Thorna and Helen looked at each other, thinking Nikki must have cracked to sell the properties for a dollar each.

‘I own them!' she explained. ‘I inherit everything that was my mother's, and since Aaron set up Fletcher Corporation as part of that so he could eventually take over, I get it too.' She started giggling and couldn't stop. ‘After everything he went through trying to rip us off, marrying Mum just to use her contacts in parliament and all …'

‘Oh my!' Thorna laughed, covering her mouth with her hand. ‘With Fletcher in jail, you're the only legitimate heir!'

Nikki pulled a face and Helen laughed, nearly choking on her scone. ‘Hey, are you old enough to own an international company?'

‘I am today,' Nikki grinned. ‘It's my birthday.'

The horse snorted and started pawing up the hay in his stall.

‘Yes, ham,' Nikki told him. ‘You can laugh too.'

‘Hey wait,' Helen said, setting down her scone. ‘What's that noise?'

They all listened, hearing a tiny metal rattle between the horse's snorts.

‘I've never heard him do that before,' Helen said.

Nikki got up and put her hand on the horse's nose to quieten him and heard it again. The three women listened harder and Thorna saw a loose leather strap vibrate against a small buckle.

‘Look!' she said. ‘It's the saddlebag.'

‘The vet chucked that up there,' Nikki said, tugging it off the high hook. ‘I forgot all about it.' She looked inside the first pocket, smiling to find the special packet of cigarettes that Locklin had given her.

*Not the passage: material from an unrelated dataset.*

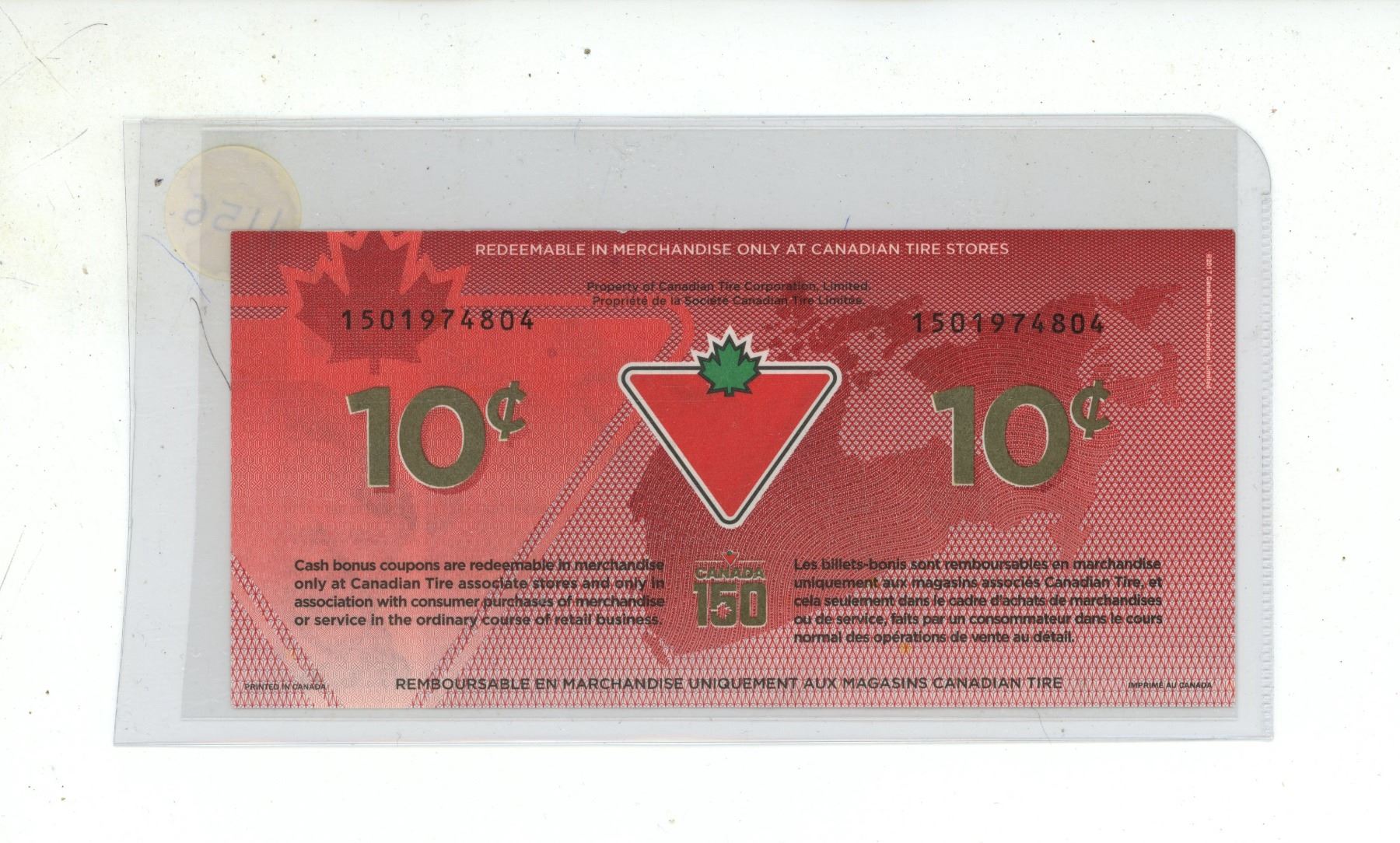 2017 10 Cents Canadian Tire Money. Celebrates Canada’s 150th Anniversary. AU.

She remembered slipping it into his back pocket to hide her angels from her step-father, but after what Locklin had gone through at the lake, she'd thought they must have been lost forever.

She felt the bag vibrate again and checked the second pocket, reaching in quickly to answer the mobile phone.

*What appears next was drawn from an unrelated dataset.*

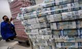 REPUBLIKA.CO.ID, JAKARTA -- Pegawai menata uang tunai pecahan Rp50 ribu yang akan dikirimkan ke kantor cabang di Sentra Kas Bank Mandiri, Jakarta, Rabu (6/4/2022). PT Bank Mandiri (Persero) Tbk meningkatkan pasokan uang tunai antara lain untuk pengisian mesin ATM sebanyak Rp1,75 triliun per hari pada periode bulan Ramadhan dan jelang Hari Raya Idul Fitri 2022, yang meningkat sekitar 13 persen dari rata-rata harian pada periode yang sama tahun lalu.
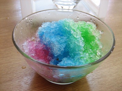 最近は「いちご」「ブルーハワイ」「メロン」の3色を全部かけて食べる娘(笑)

‘Hello?' she said, opening the cigarette packet to take out her angels with one hand. ‘Jayson Locklin's answering service.'

‘That's MacLeod,' he said, sounding happy for the first time since she'd known him. ‘If you're going to say that, get it right. My name's Jayson MacLeod now.'

‘Come on, son!' Nikki heard a man's voice shout behind him. ‘I need a hand here before you leave.'

‘There in a tic, Padre,' he told Connolly. ‘I've got to go soon,' he added, speaking to Nikki again. ‘But I need you to do something for me first.'

‘Name it,' she said, holding the phone closer to her ear.

‘Is the Bedford there?' he asked.

‘The horse truck? Yes. Some men from the airbase dropped it back this morning.'

‘Have you looked behind the driver's seat?'

‘No,' she said, wondering why he'd ask that. ‘Do I need to?'

‘Yes,' he said, ‘and please hurry,' but she was already on her way with Thorna and Helen close on her heels.

The Bedford was parked at the scorched base of the gum tree and she pulled open the driver's door, wrinkling her nose at the smell of burnt ash that rose around her feet. She wrenched forward the driver's seat with a clunk and saw a pink beach towel rolled up and stuffed behind it.

Her mouth opened as she recognised it. It was a towel from her mother's bathroom. She realised that now that she had time to look at it properly.

‘Take it out,' he said as if he could see it too. ‘Be careful unwrapping it,' he added, his voice suddenly subdued. ‘There's one corner of the towel folded through to keep a lid open so it won't chatter or break.'

Nikki saw that was true as she unrolled the last of the thick towel away from her crystal coffin.

‘It was open like that when I found it,' he said. ‘But I … I'm going on another mission now and I don't want to sound superstitious but …' His voice trailed off.

Nikki understood. She'd seen the wound on his shoulder and the other one on his leg. She knew they'd both happened around the time his father had been murdered, which was only a few days after Fletcher had killed her mother. The coffin had disappeared then and the towel meant it had probably been open the whole time that things had been going wrong for both of them. It didn't mean he was superstitious. It just meant he needed to be careful.

She rolled the angels of her family between her fingers, feeling a similar need as she placed them inside.

‘You need me to close it,' she said, and knew that he was nodding.